▶ [RECORDS FOR THIS EXERCISE]:

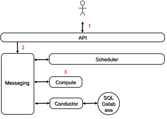 客户(可以是 OpenStack 最终用户,也可以是其他程序)向 API(nova-api)发送请求:“Rebuild 这个 Instance”
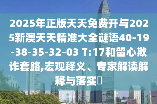 2025年正版天天免費開與2025新澳天天精準大全謎語40-19-38-35-32-03 T:17和留心欺詐套路,宏觀釋義、專家解讀解釋與落實?
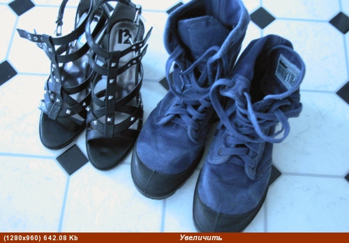 Цены писать не буду, а то вдруг есть те, кому такие лапти понравятся, а магазина DSW рядом и нет... етак и из окна можно... Снимок синий - сделала чужим фотоаппаратом. ![]() вторые - джинсовые высокие кеды. Можно носить "как есть", а можно отвернув отвороты и пристегнуг их к "телу" |
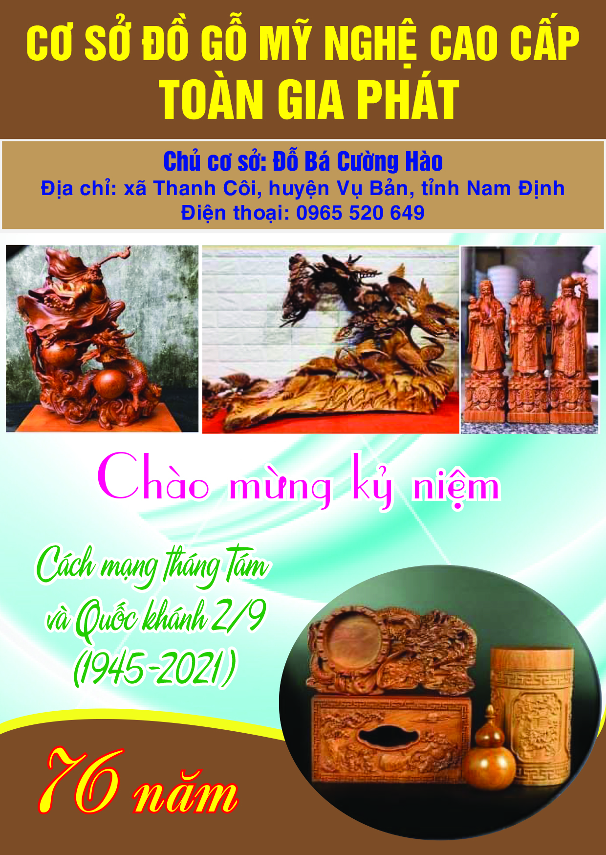 Cơ sở sản xuất đồ gỗ mỹ nghệ Toàn Gia Phát chào mừng kỷ niệm 76 năm Cách mạng Tháng Tám và Quốc khánh 2/9 (1945 - 2021)
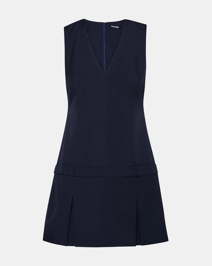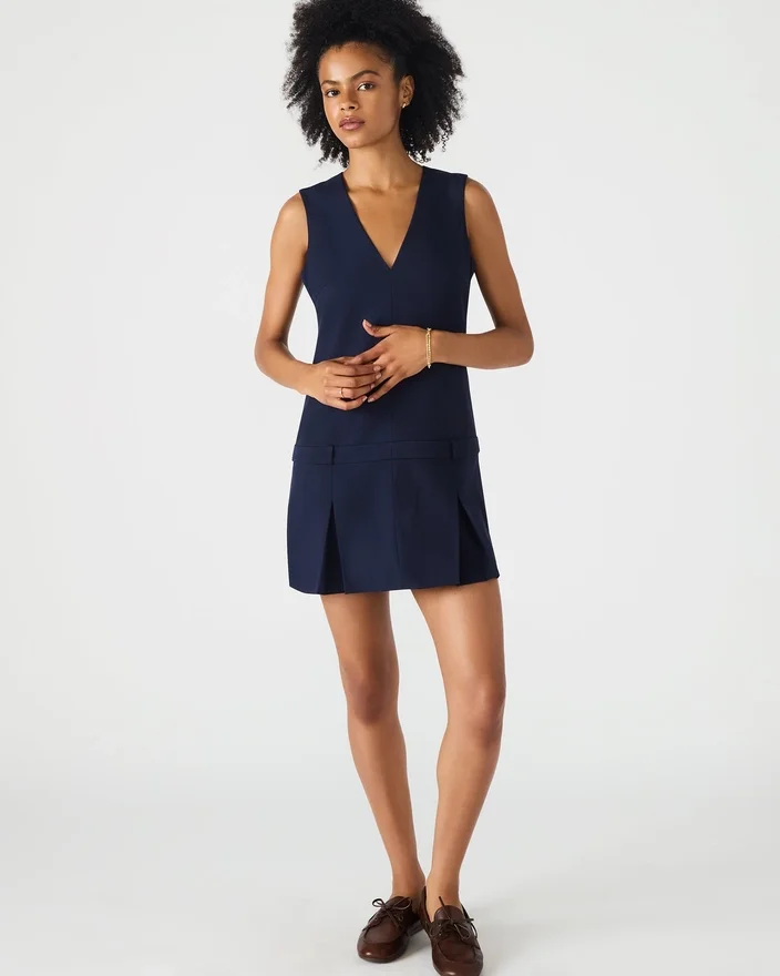 Das Henley-Kleid besticht durch einen schmeichelhaften V-Ausschnitt und einen verspielten, plissierten Rockteil, der für Bewegung und Stil sorgt. Es ist als Minikleid geschnitten und verfügt über Gürtelschlaufen für eine individuelle Passform sowie einen Reißverschluss am Rücken für einfaches Anziehen. Dieses Modell verbindet klassische Details mit moderner Schnittführung und eignet sich perfekt für vielseitige, elegante Looks.
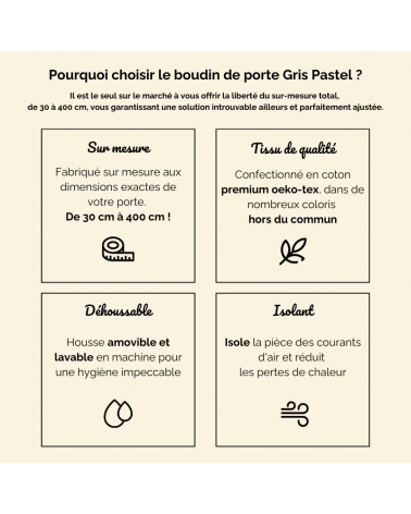 Les boudins de porte Gris Pastel protégeront élégamment votre intérieur des courants d'air et habilleront votre porte d'entrée en apportant une touche d'humour ou de douceur à votre intérieur.

▶ [WORK ITEM]: Set the entire listing down again, exact in every line, without any pictures.

▶ [PROBLEM SOLUTION]:
 客户(可以是 OpenStack 最终用户,也可以是其他程序)向 API(nova-api)发送请求:“Rebuild 这个 Instance”
 2025年正版天天免費開與2025新澳天天精準大全謎語40-19-38-35-32-03 T:17和留心欺詐套路,宏觀釋義、專家解讀解釋與落實?
 Цены писать не буду, а то вдруг есть те, кому такие лапти понравятся, а магазина DSW рядом и нет... етак и из окна можно... Снимок синий - сделала чужим фотоаппаратом. ![]() вторые - джинсовые высокие кеды. Можно носить "как есть", а можно отвернув отвороты и пристегнуг их к "телу" |
 Cơ sở sản xuất đồ gỗ mỹ nghệ Toàn Gia Phát chào mừng kỷ niệm 76 năm Cách mạng Tháng Tám và Quốc khánh 2/9 (1945 - 2021)
 Das Henley-Kleid besticht durch einen schmeichelhaften V-Ausschnitt und einen verspielten, plissierten Rockteil, der für Bewegung und Stil sorgt. Es ist als Minikleid geschnitten und verfügt über Gürtelschlaufen für eine individuelle Passform sowie einen Reißverschluss am Rücken für einfaches Anziehen. Dieses Modell verbindet klassische Details mit moderner Schnittführung und eignet sich perfekt für vielseitige, elegante Looks.
 Les boudins de porte Gris Pastel protégeront élégamment votre intérieur des courants d'air et habilleront votre porte d'entrée en apportant une touche d'humour ou de douceur à votre intérieur.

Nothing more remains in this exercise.